As a result of a state mandate to eliminate “List A” noxious weed species from all public and private property in Colorado communities, the City of Boulder is proposing an update to its existing weed ordinance to require property owners to remove the weeds from all properties.

myrtle spurge


“List A” weed species, as provided in the Colorado Noxious Weed Act, are plants that have yet to be well established in Colorado but are either present in small populations or are invasive in nearby states. There are two species of “List A” weeds that are of most concern within Boulder’s city limits: myrtle spurge and Japanese knotweed.  The city was awarded a grant through the Colorado Department of Agriculture Noxious Weed Management Fund to assist in an educational plan.

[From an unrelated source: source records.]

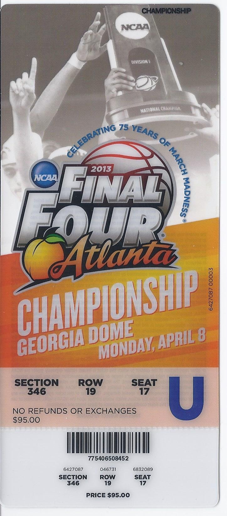 2013 Final Four Championship Full Unused Ticket Louisville Michigan. This is a Full Unused Ticket it is in good to very good condition nice RARE College Basketball History if you have any further questions please dont hesitate to ask!
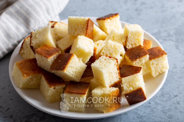 Когда бисквиты остынут, нарежьте их. Белый бисквит - на кубики. Но учтите, что румяную корочку от верха будет отчётливо видно в готовом торте, поэтому если это смущает, то верхушку лучше срезать.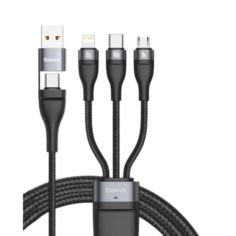 Кабель Baseus 3-в-1 подходит тем, кто хочет упростить процесс зарядки и избавиться от множества проводов. Например, для семей, где используются разные устройства — от iPhone до смартфонов на Android, а также гаджетов с Micro-USB, например, портативных колонок или старых моделей телефонов, гарнитуры. Светодиодный индикатор позволяет следить за процессом зарядки, а поддержка мощностей до 100 Вт (PD) обеспечивает быструю зарядку даже для ноутбуков. Длина 1,2 метра делает его универсальным: удобно использовать дома, в машине или на работе. Одним словом, кабель 3 в 1 для тех, кто любит порядок.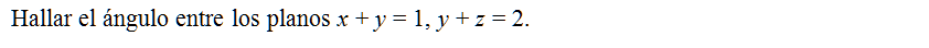 Hallar el ángulo entre los planos x + y = 1, y + z = 2.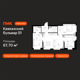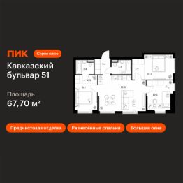 Продаётся 3-комн. квартира площадью 67,7 кв.м на 2 этаже 7 этажного дома (Корпус 3.7, Секция 4) проекта ПИК Кавказский бульвар 51. Светлый просторный подъезд на уровне земли, функциональная планировка, большие окна, предчистовая отделка.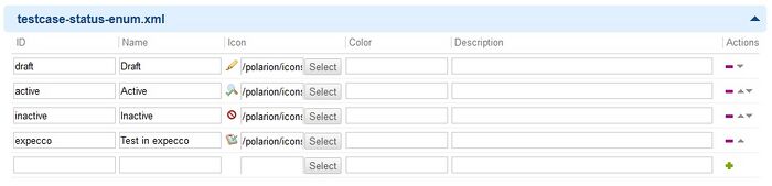 Dazu finden Sie im Installationsverzeichnis von expecco unter expecco\packages\exept\expecco\plugin\polarion\support die unten erwähnten XML-Dateien und einen Ordner mit Icons. Diese Icons können Sie in Polarion hochladen, um sie in den entsprechenden Enums zu verwenden.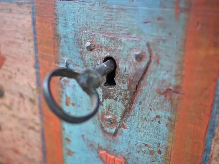 At the center lies the original wrought iron lock, underlining both function and authenticity.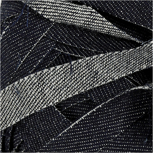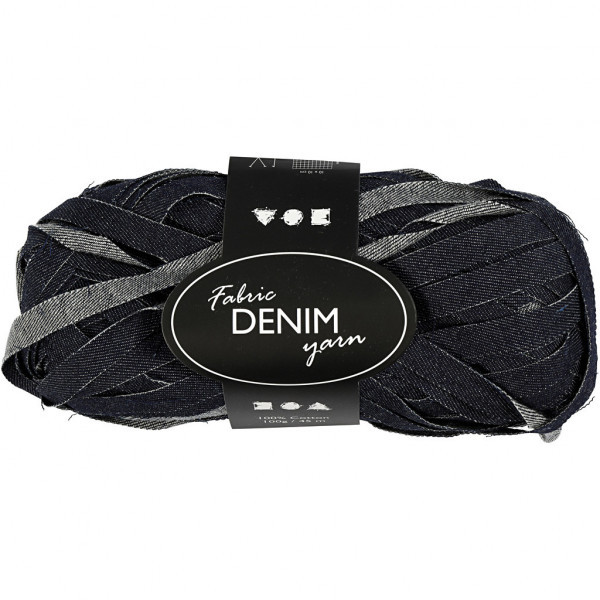 Denim fabric yarn made from 100% cotton. It's particularly suitable for thick knitting or crocheting of, for example, home interiors, bags etc. 12 sts x 12 sts = 10x10cm using size 3-4 needles. Wash at 40°C.
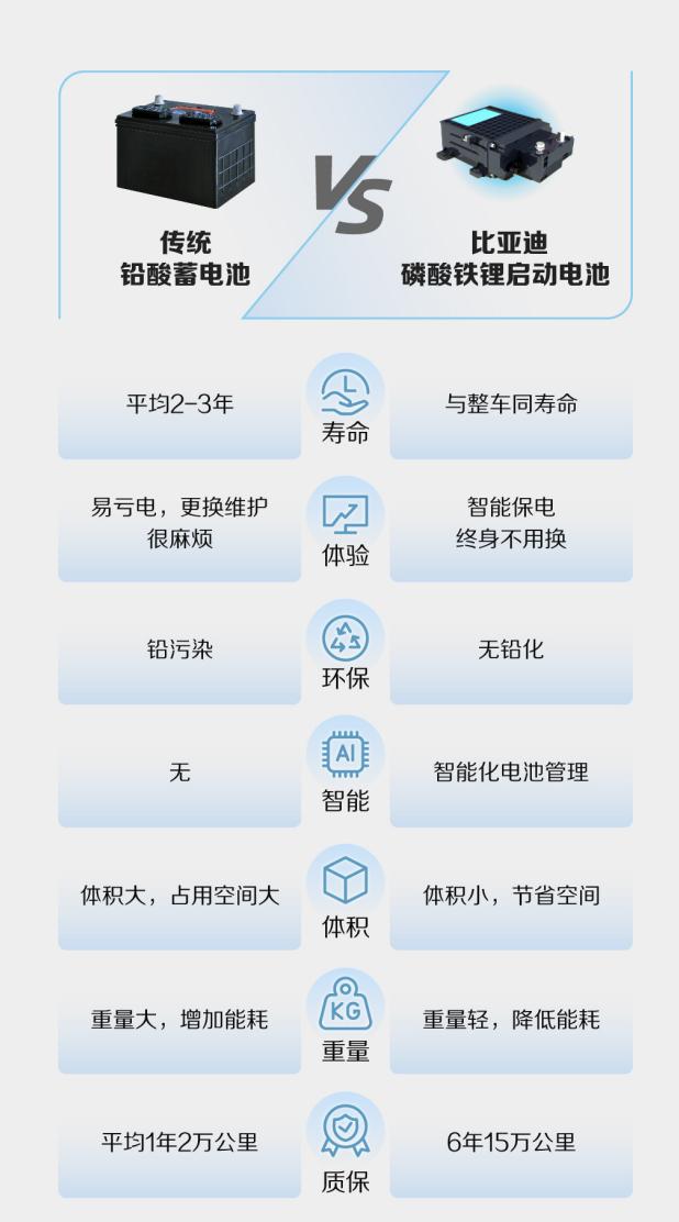 比亞迪磷酸鐵鋰啟動電池與傳統(tǒng)鉛酸蓄電池對比。圖/企業(yè)供圖

“Early detection and eradication of these particular species can prevent them from becoming a major problem in Colorado,” said city Integrated Pest Management Coordinator Rella Abernathy. “Most of these plants are ‘escaped’ ornamental plants and many residents may not realize that they present a threat to the natural lands surrounding Boulder and are illegal to grow here.”


These noxious, invasive plants can negatively impact biodiversity, threaten endangered species, degrade native habitat, displace wildlife, increase soil erosion, damage streams and other wetlands and increase the risk and frequency of wildfires if allowed to spread.  Boulder is in compliance with the Colorado Noxious Weed Act on city-owned properties but has not been enforcing the statue on private property.


The city will focus on education and outreach to notify the public of the requirements and to provide information for identification, environmentally-sound weed removal and suggested replacement plant options.


“A soft enforcement approach is being implemented with voluntary compliance being the goal and enforcement action being a last resort,” said Code Enforcement Supervisor Jennifer Riley.  “However, ticketing is possible if property owners do not comply with repeated requests from officers to address illegal weeds.”


Education will begin with a “Purge Your Spurge” event on May 18 where residents are encouraged to pull their myrtle spurge and exchange it for free native plants.  This event will occur as part of Boulder Community Day at the East Boulder Community Center, 5660 Sioux Drive, from 10 a.m. to 2 p.m.  Other education efforts will include a webpage; fact sheets; media engagement; outreach to nurseries, landscapers and lawn care companies; and code enforcement officers who assist with education in the field.


“Identifying and removing noxious weeds from private property can take some effort, but it’s important to prevent these weeds from spreading to our neighbors’ yards and ultimately to natural areas,” said Abernathy.  “Fortunately, only two of the weeds from the list are widespread within the Boulder city limits, myrtle spurge being the most common.  We want to make sure people can easily identify the weeds, know how to remove them safely and know what native plants can be used to replace them.”


Myrtle spurge has been commonly used as a decorative plant. People should be aware that it contains a white sap that can cause skin irritation including blistering if touched.  Those removing it should wear long sleeves, long pants, gloves and eye protection.  Removing at least four inches of the root is recommended to prevent its return.  It should be placed in a plastic bag and tightly fastened.  DON’T compost noxious weeds as that will cause the weed to spread.


The city’s weed ordinance is expected to be modified through a City Manager rule change, which will be published in the Daily Camera on May 3, as well as on the city’s website.  Public feedback will be accepted until May 20.   The rule is anticipated to go into effect on June 1, 2013.